On Monday I spent some time on the 3rd floor of USF’s library in the stack BF. Good Ol’ BF is home to the books the Lib. Of Congress categorizes under the term “Spiritualism,” among others. If you have not heard, let me remind you, I am playing around with 19th Century Spiritualism for my dissertation. I plowed through a number of books and found some possible primary source book length documents as well. All in all it was a great and productive day in the world of note taking and argument hunting. One book in particular included thought provoking quotes that lead me down a fun path of thinking about Public historians as Mediums.

spiritulist photo

This is what I look like in my office. Surrounded by faint images of dead people and dresses in 19thc attire.

In 1989 Beacon Press, of Boston, published Ann Braude’s book Radical Spirits: Spiritualism and Women’s Rights in 19th century America. The book argues that Spiritualism gave women the power and voice to become radical at the TOT2C. It opens “A historians is a lot like a spirit medium: one’s goal is to allow the dead to speak as clearly as possible.”[1] That quote struck me and sold me, as it aligns with thoughts I have been rolling around, but had been unable pin.

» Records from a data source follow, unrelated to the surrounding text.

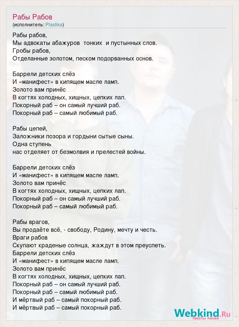 Рабы рабов, Мы адвокаты абажуров тонких и пустынных слов. Гробы рабов, Отделанные золотом, песком подорванных основ. Баррели детских слёз И «манифест» в кипящем масле ламп. Золото вам принёс В когтях холодных, хищных, цепких лап. Покорный раб – он самый лучший раб. Покорный раб – самый любимый раб. Рабы цепей, Заложники позора и гордыни сытые сыны. Одна ступень нас отделяет от безмолвия и прелестей войны. Баррели детских слёз И «манифест» в кипящем масле ламп. Золото вам принёс В когтях холодных, хищных, цепких лап. Покорный раб – он самый лучший раб. Покорный раб – самый любимый раб. Рабы врагов, Вы продаёте всё, - свободу, Родину, мечту и честь. Враги рабов Скупают краденые солнца, жаждут в этом преуспеть. Баррели детских слёз И «манифест» в кипящем масле ламп. Золото вам принёс В когтях холодных, хищных, цепких лап. Покорный раб – он самый лучший раб. Покорный раб – самый любимый раб. И мёртвый раб – самый покорный раб. И мёртвый раб – самый покорный раб.
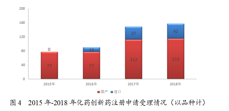 藥審中心受理1類化藥創(chuàng)新藥注冊申請157個品種,整體較2017年略有增加,其中受理創(chuàng)新藥NDA 16個品種,較2017年增長了一倍。2018年受理的157個化藥創(chuàng)新藥注冊申請中,國產(chǎn)化藥創(chuàng)新藥注冊申請為115個品種,進口化藥創(chuàng)新藥注冊申請為42個品種,2015年至2018年創(chuàng)新藥注冊申請受理情況詳見圖4。
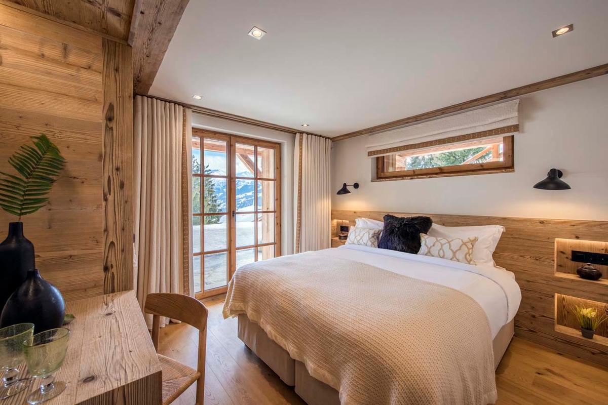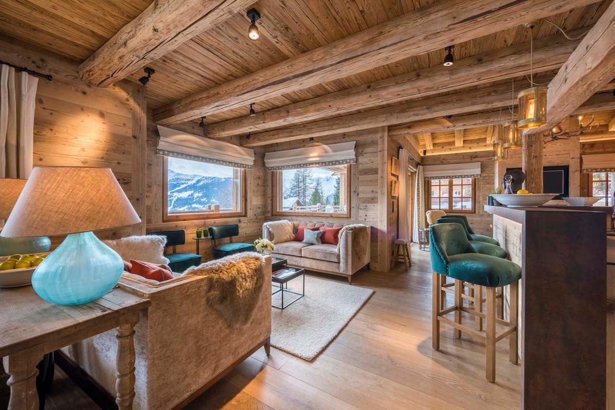 The magnificent south-facing terrace is the chalet’s social epicentre. Immerse yourself in the bubbling outdoor hot tub, champagne flute in hand, soaking in the alpine panorama as the sun dips. Gather around the inviting fire pit, sharing tales of the day's adventures under the stars. Inside, relaxation takes multiple forms: sink into the L-shaped sofa by the roaring fireplace, discover a cosy reading nook, or challenge companions in the secondary lounge. The state-of-the-art Bose sound system sets the mood, while a concealed large-screen TV with Apple TV and Netflix offers evening entertainment. The adjacent, beautifully lit solid wood bar is an entertainer's dream, inspiring crafted cocktails.

Historians ARE a lot like mediums. Especially public historians, they speak the language of the people and listen carefully to, or are themselves, (this is where the simile sputters a bit, as most mediums are alive while the ones they speak to are dead) historians. If we understand historians as outlets from which the public gains access, understanding and evaluation of the past from, how can they not them mediums? It is fair to say that any professional acts as a medium to the public, but historians are the ones who speak for the past. And that is an important point to make.

Braude further kindled my though fire when explaining how Spiritualism offered women a legitimacy, a voice from which to speak authoritatively and a comfort. Eric Hobsbawn argues a useful point when addressing the functions of custom, in comparison to “invited traditions.” His definition can be easily applied to the kinds of histories consumed by the public; custom he explains is “a village’s claim to some common land or right ‘by custom from the time immemorial.”[2] Hobsbawn says that this custom, which encompasses tradition in traditional societies, gives “any desired change (or resistance or innovation) the sanction of precedence {authority/legitimacy}, social continuity and natural law as expressed in history {comfort/authority}.”[3] In the case of women using Spiritualism for these ends, it was not so much their ability to speak to the dead, but that they could speak for the past. They were able to communicate with people from respected past to “sanction” precedence. (It also taught them a lot about public speaking…)

So we have:Historians are like Mediums and Public History is like Spiritualism.